Должно быть, в тот вечер я задержалась в кустарнике довольно долго, потому что начала клевать носом. Внезапно Мэри пихнула меня локтем; я встрепенулась, во рту пересохло, и наверняка вскрикнула бы, но она зажала мне рот ладонью и прошептала: «Смотри!» Солнце клонилось к закату, воздух немного остыл. В доме, за высокими окнами, включили свет. Одно из окон открылось на наших глазах: сперва одна половина — пауза; затем вторая. Что-то появилось в поле зрения: кресло на колесах, и некая дама его толкала перед собой. Кресло легко катилось по каменным плитам, а дама привлекла мое внимание; на кресле лежало нечто темное и бесформенное, а ее яркое, разноцветное платье бросалось в глаза заодно со вздыбленным перманентом на голове; мы были достаточно далеко, чтобы уловить аромат, но мне почудилось, будто я различаю запах духов. Свет, вырываясь на террасу изнутри дома, казалось, заигрывал с ней. Ее губы зашевелились; дама заговорила, улыбаясь, с темным свертком на кресле. Вот она остановилась, подвигала кресло туда-сюда, словно подбирая точное место. Огляделась, на миг подставила скулу теплому и ласковому свету, потом наклонилась, чтобы набросить на сверток на сиденье еще ткани, покрывало или платок… В такую-то погоду?
— Видишь, как оборачивает? — прошипела Мэри.

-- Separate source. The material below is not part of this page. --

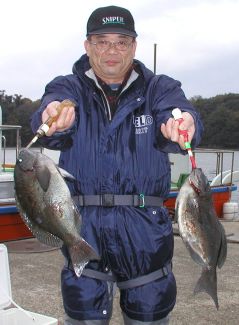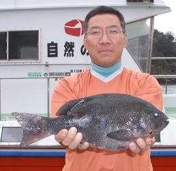 川田さんも良型クロを大立島南の東でゲット。 |

Я видела не только это, но и выражение лица Мэри: жадный интерес, растерянность — все сразу. Похлопав по свертку, дама повернулась, и до нас донесся стук ее каблуков по каменным плитам, когда она направилась к французским окнам — и растаяла в электрическом
свете внутри.— Давай, подпрыгни. Ну же! — Мне не терпелось. Мэри была выше меня. Она подпрыгнула — раз, другой, третий, приземляясь с глухим ворчанием. Мы хотели узнать, что там, в доме. Мэри запросила передышки, упала на коленки; ладно, обойдемся тем, что у нас есть, поглядим, что это за сверток такой в кресле. Под одеялами он как будто колыхался, крупная передняя часть, накрытая платком, свисала набок. И правда как запятая: туловище-загогулина, голова-«хвостик».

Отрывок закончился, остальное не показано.